→ **Prompt**: The result should be the listing below, restated exactly, with its pictures left out.

→ **Information provided**:
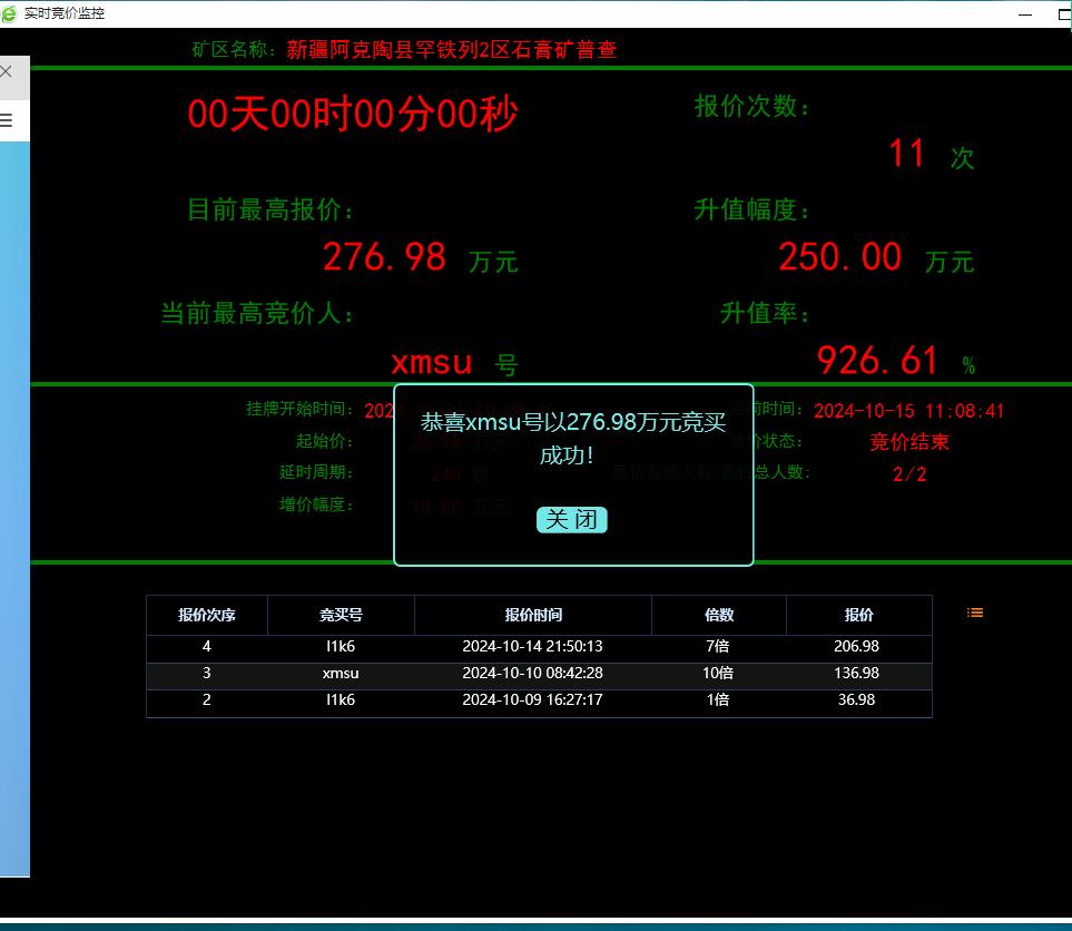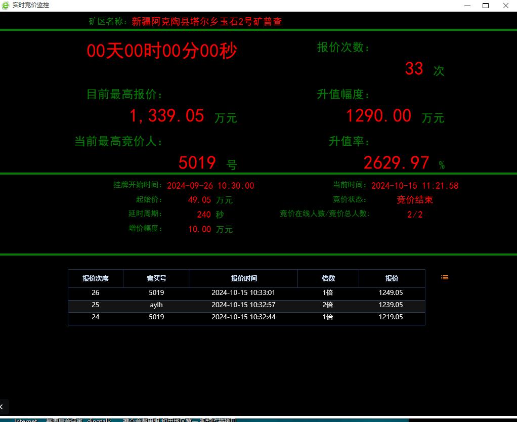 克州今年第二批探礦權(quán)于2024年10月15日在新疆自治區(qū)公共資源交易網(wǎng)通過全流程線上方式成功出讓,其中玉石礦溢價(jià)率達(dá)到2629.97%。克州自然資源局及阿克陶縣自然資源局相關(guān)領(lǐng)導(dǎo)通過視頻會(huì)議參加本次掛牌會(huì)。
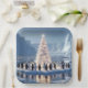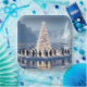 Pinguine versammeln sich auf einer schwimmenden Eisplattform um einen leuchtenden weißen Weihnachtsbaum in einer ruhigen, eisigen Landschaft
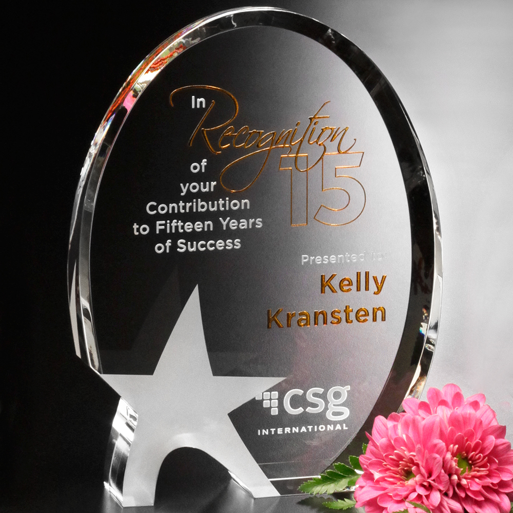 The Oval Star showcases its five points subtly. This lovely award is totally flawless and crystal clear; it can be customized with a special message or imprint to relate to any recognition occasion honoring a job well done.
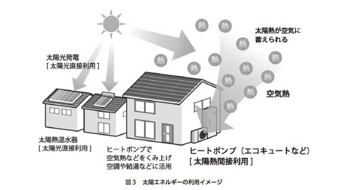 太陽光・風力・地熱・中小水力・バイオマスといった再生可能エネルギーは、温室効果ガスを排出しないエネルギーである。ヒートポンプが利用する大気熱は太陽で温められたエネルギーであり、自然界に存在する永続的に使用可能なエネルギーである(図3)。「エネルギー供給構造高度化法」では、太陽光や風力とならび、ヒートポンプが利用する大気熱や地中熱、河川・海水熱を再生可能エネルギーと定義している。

→ **Your solution**:
 克州今年第二批探礦權(quán)于2024年10月15日在新疆自治區(qū)公共資源交易網(wǎng)通過全流程線上方式成功出讓,其中玉石礦溢價(jià)率達(dá)到2629.97%。克州自然資源局及阿克陶縣自然資源局相關(guān)領(lǐng)導(dǎo)通過視頻會(huì)議參加本次掛牌會(huì)。
 Pinguine versammeln sich auf einer schwimmenden Eisplattform um einen leuchtenden weißen Weihnachtsbaum in einer ruhigen, eisigen Landschaft
 The Oval Star showcases its five points subtly. This lovely award is totally flawless and crystal clear; it can be customized with a special message or imprint to relate to any recognition occasion honoring a job well done.
 太陽光・風力・地熱・中小水力・バイオマスといった再生可能エネルギーは、温室効果ガスを排出しないエネルギーである。ヒートポンプが利用する大気熱は太陽で温められたエネルギーであり、自然界に存在する永続的に使用可能なエネルギーである(図3)。「エネルギー供給構造高度化法」では、太陽光や風力とならび、ヒートポンプが利用する大気熱や地中熱、河川・海水熱を再生可能エネルギーと定義している。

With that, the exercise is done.